When you transcribe the listing, keep each line exact and drop the pictures.

PROVIDED MATERIAL:
[Start of Attachment]

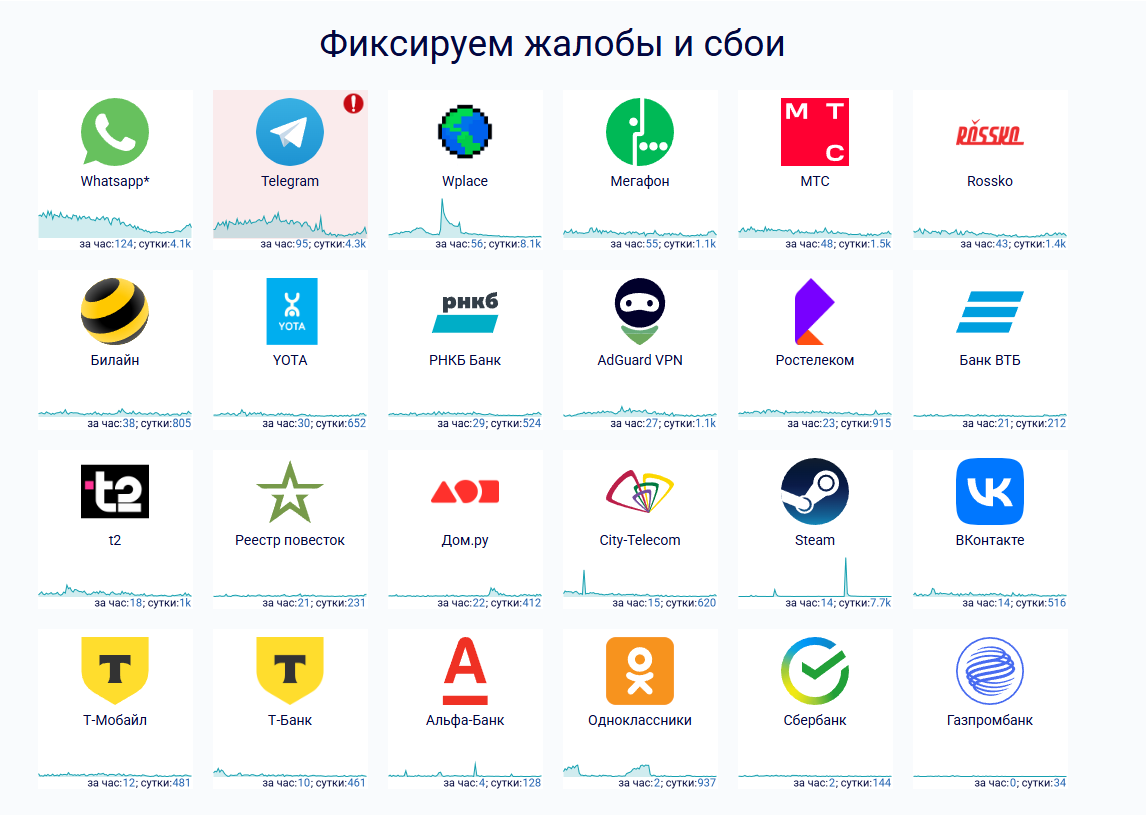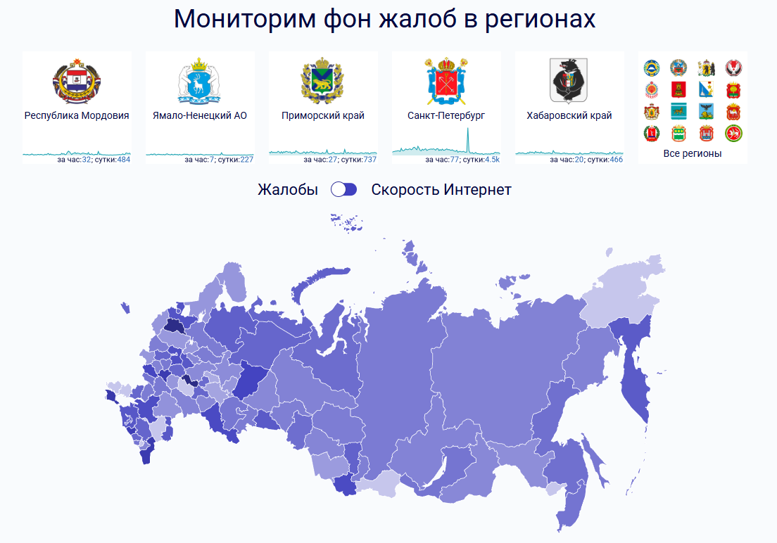 - Санкт-Петербург (83 жалобы за последний час).
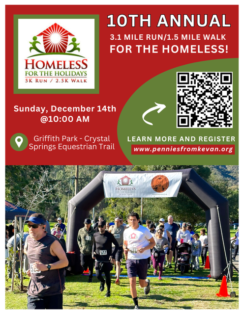 Chip-timed 5K (3.1 mile) Run / Self-paced 2.5K (1.5 mile) Walk in beautiful Griffith Park, raising funds for Homeless and Food/Housing insecure adults, children and families in the Los Angeles area.
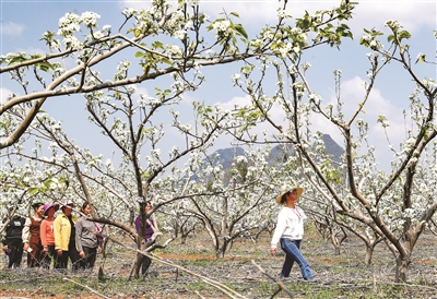 3月9日,游客在梨树林中拍摄短视频。近日,广西柳州市融安县潭头乡梨花盛开,吸引游人前来游玩拍照。 新华社记者 胡星宇 摄
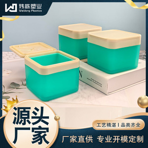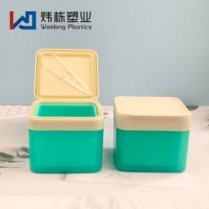 300ml方形翻盖PP棉片盒双层内胆带镊子卸妆盒棉片面膜翻盖设计

[End of Attachment]

RESULT FOR THIS EXERCISE:
 - Санкт-Петербург (83 жалобы за последний час).
 Chip-timed 5K (3.1 mile) Run / Self-paced 2.5K (1.5 mile) Walk in beautiful Griffith Park, raising funds for Homeless and Food/Housing insecure adults, children and families in the Los Angeles area.
 3月9日,游客在梨树林中拍摄短视频。近日,广西柳州市融安县潭头乡梨花盛开,吸引游人前来游玩拍照。 新华社记者 胡星宇 摄
 300ml方形翻盖PP棉片盒双层内胆带镊子卸妆盒棉片面膜翻盖设计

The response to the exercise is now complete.